■ Assigned task
For this exercise, repeat the records below exactly and omit every picture.

Material provided Start Marker

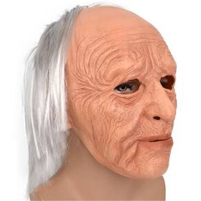 Máscara facial completa de látex Cosplay Headgear para avó de cabelos brancos
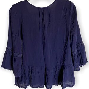 SASS Navy Blue Boho Three Quarter Sleeve Blouse
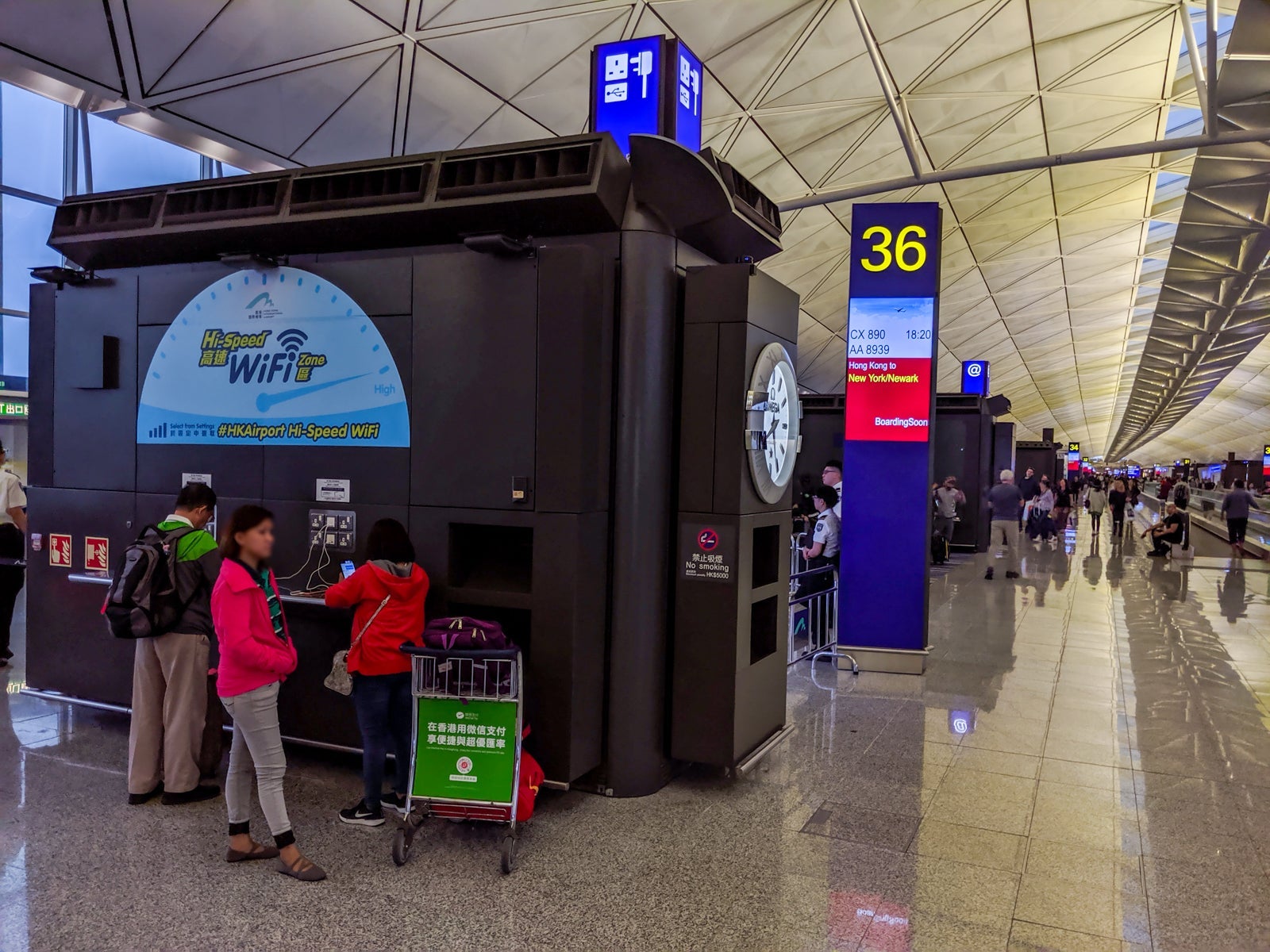 There was no dedicated business-class seating area, but that figured, since Cathay's business-class lounges are where passengers are expected to spend their time anyway. Free Wi-Fi was also offered terminal-wide.
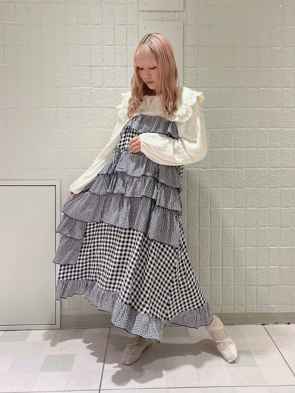 カジュアルガーリーコーデ【トップス】柔らかく伸びの良い素材のtopsは大きな襟がガーリーな印象。立体的な生地感でお手入れもらくちん。トレーナーやOPの中にレイヤードするのも◎【ワンピース】肩紐で長さを調節できる万能ワンピース!落ち感のある生地で広がりすぎないシルエットもpointです。インナー次第で様々な表情を楽しめます。【シューズ】レースアップがとびきりgirlyなバレエシューズ。ソールに高さもなく、フェイクレザーが柔らかいのでとても歩きやすいです。甘すぎないスクエアトゥでどんなお洋服とも合わせやすいデザインです。24.5cmでLサイズを着用しています。
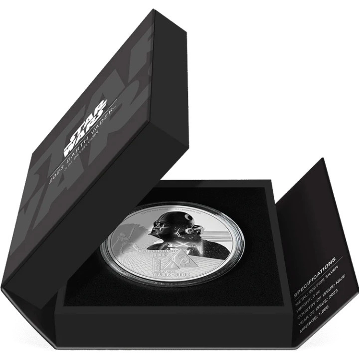 Los resguardos muestran un Darth Vader coloreado e información sobre el peso y la pureza del lingote y los derechos de autor propiedad de Lucas film Ltd..
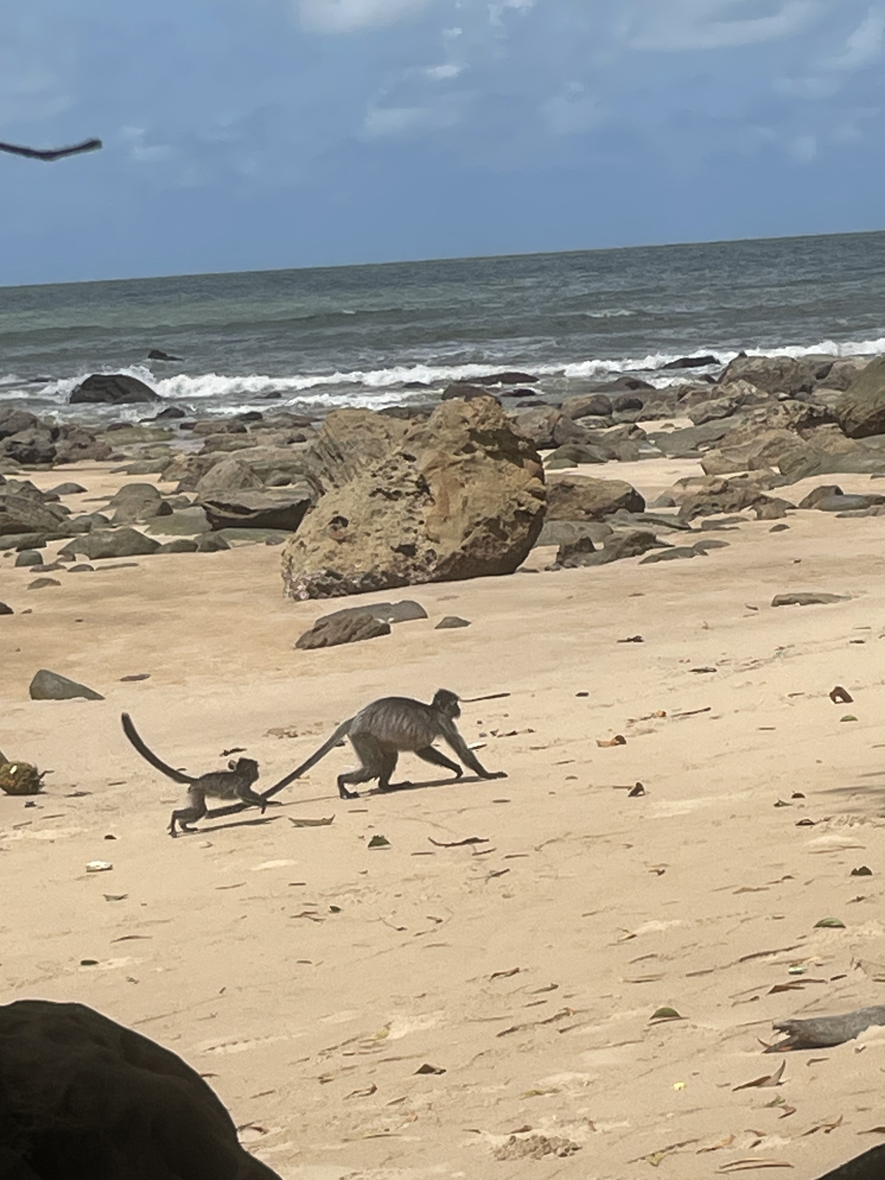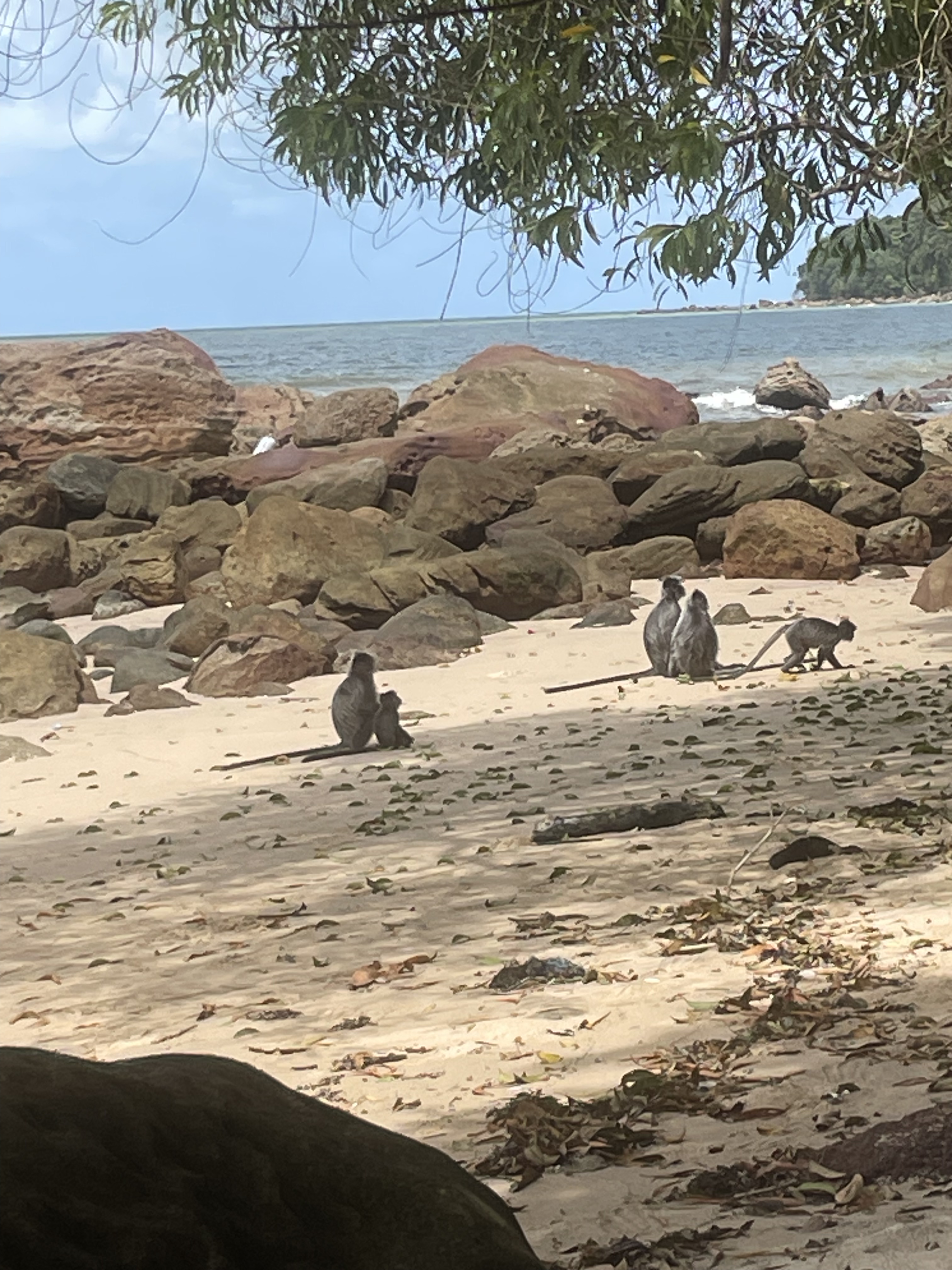 When we did get back to the beach and civilization, having seen no insects or hammerhead worms we were suddenly treated to the family of silver leaf monkeys cavorting on the sand having a day out. It was magical.

Material provided End Marker

■ Result of this exercise
 Máscara facial completa de látex Cosplay Headgear para avó de cabelos brancos
 SASS Navy Blue Boho Three Quarter Sleeve Blouse
 There was no dedicated business-class seating area, but that figured, since Cathay's business-class lounges are where passengers are expected to spend their time anyway. Free Wi-Fi was also offered terminal-wide.
 カジュアルガーリーコーデ【トップス】柔らかく伸びの良い素材のtopsは大きな襟がガーリーな印象。立体的な生地感でお手入れもらくちん。トレーナーやOPの中にレイヤードするのも◎【ワンピース】肩紐で長さを調節できる万能ワンピース!落ち感のある生地で広がりすぎないシルエットもpointです。インナー次第で様々な表情を楽しめます。【シューズ】レースアップがとびきりgirlyなバレエシューズ。ソールに高さもなく、フェイクレザーが柔らかいのでとても歩きやすいです。甘すぎないスクエアトゥでどんなお洋服とも合わせやすいデザインです。24.5cmでLサイズを着用しています。
 Los resguardos muestran un Darth Vader coloreado e información sobre el peso y la pureza del lingote y los derechos de autor propiedad de Lucas film Ltd..
 When we did get back to the beach and civilization, having seen no insects or hammerhead worms we were suddenly treated to the family of silver leaf monkeys cavorting on the sand having a day out. It was magical.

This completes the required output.